(Bloomberg) -- Russia set out just how much its gas flows to the global market will fall in the next three years -- and the numbers underscore the scale of the challenge facing Europe’s energy consumers.
Annual pipeline gas exports are set to drop by almost 40% to 125.2 billion cubic meters in 2023-2025, according to the nation’s three-year draft plan, seen by Bloomberg. Pipeline gas exports is estimated at 142 billion cubic meters this year, the draft showed.
Russia’s gas giant Gazprom PJSC has been reducing flows to Europe -- historically its biggest market -- for months amid the region’s sanctions over the invasion of Ukraine. Some European customers were cut off after refusing to comply with the Kremlin’s demand to be paid in rubles for supplies. Russia has also cut shipments to the region through major pipelines, citing Western sanctions and technical reasons. That left the region with capped flows via Ukraine and deliveries via the second leg of TurkStream as the last remaining routes for supplies to the continent.
The budget draft doesn’t provide a breakdown of the export markets. However, based on historic data and current flows, Turkey may become the single largest client of Gazprom on the continent. Last year Russia gas producer exported almost 27 billion cubic meters to Turkey.
China could become the second-largest buyer of Russian pipeline gas next year.

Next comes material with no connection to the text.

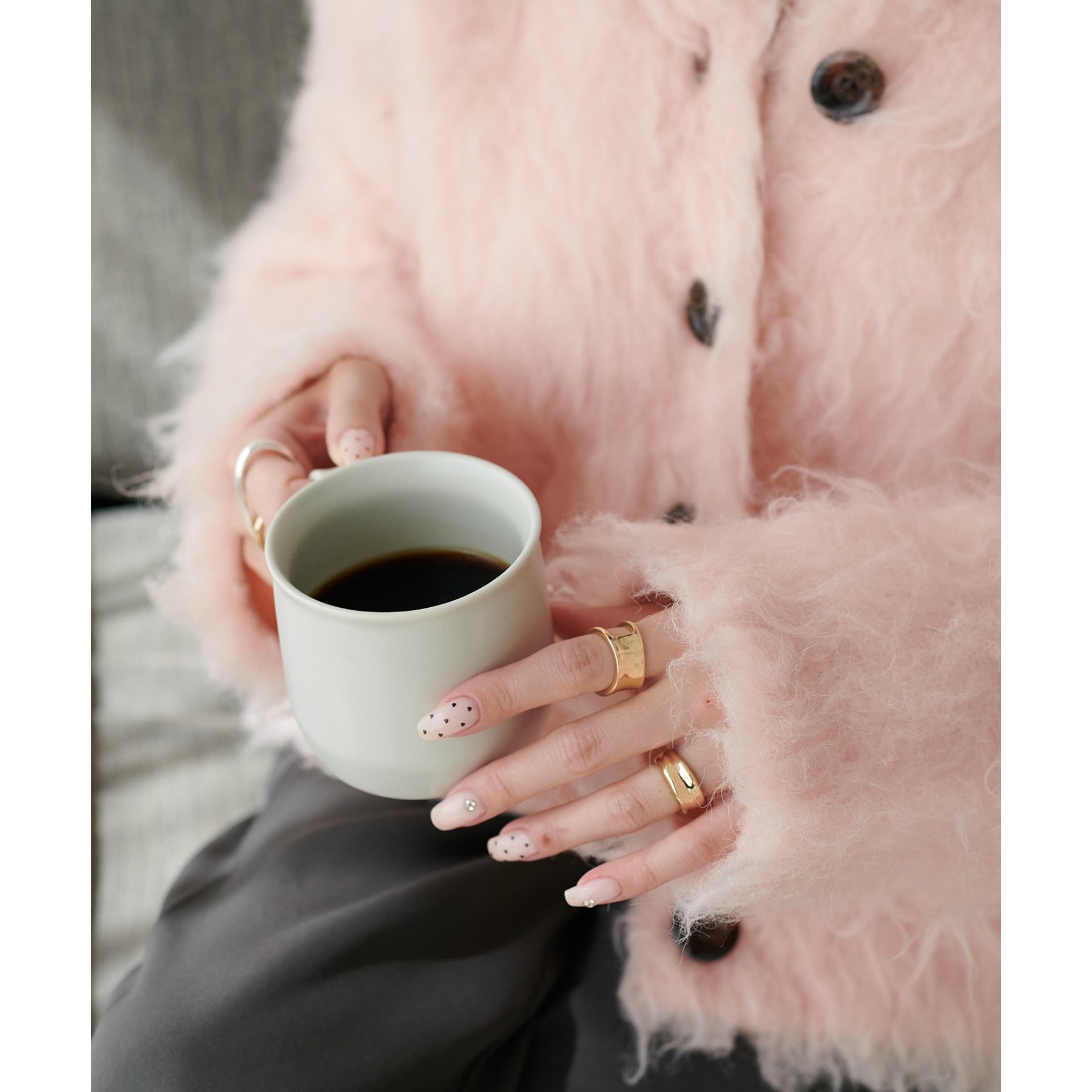 フロントには存在感のあるマーブル調のボタンを付け、コーディネートのアクセントに。

The deal between Gazprom and China National Petroleum Corporation envisions a gradual increase of supply via the Power of Siberia pipeline to around 21 billion cubic meters in 2023 from some 15 billion to 16 billion this year targeted for this year.
Based on the assumptions above and given annual supplies of some 30 billion cubic meters to former Soviet Union nations, about 45 billion cubic meters of gas could be delivered to the European market. That equates to some 123 million cubic meters per day. Russia currently exports to Europe some 80 million cubic meters per day.
Those figures are subject to change as Gazprom makes the final decision on supplies based on market conditions, client requests, and potentially further escalations of Russia’s standoff with the West.
Russia expects crude exports to increase slightly, despite Europe halting most purchases from the nation. The three-year budget draft projects 250 million tons of crude to be exported next year, up from 243 million tons seen delivered this year, with 255 million tons and 260 million tons to be shipped in 2024 and 2025 respectively.
Shipments of oil products, however, are seen declining to 113 million tons in 2023, from a projected 130 million tons this year, according to the draft.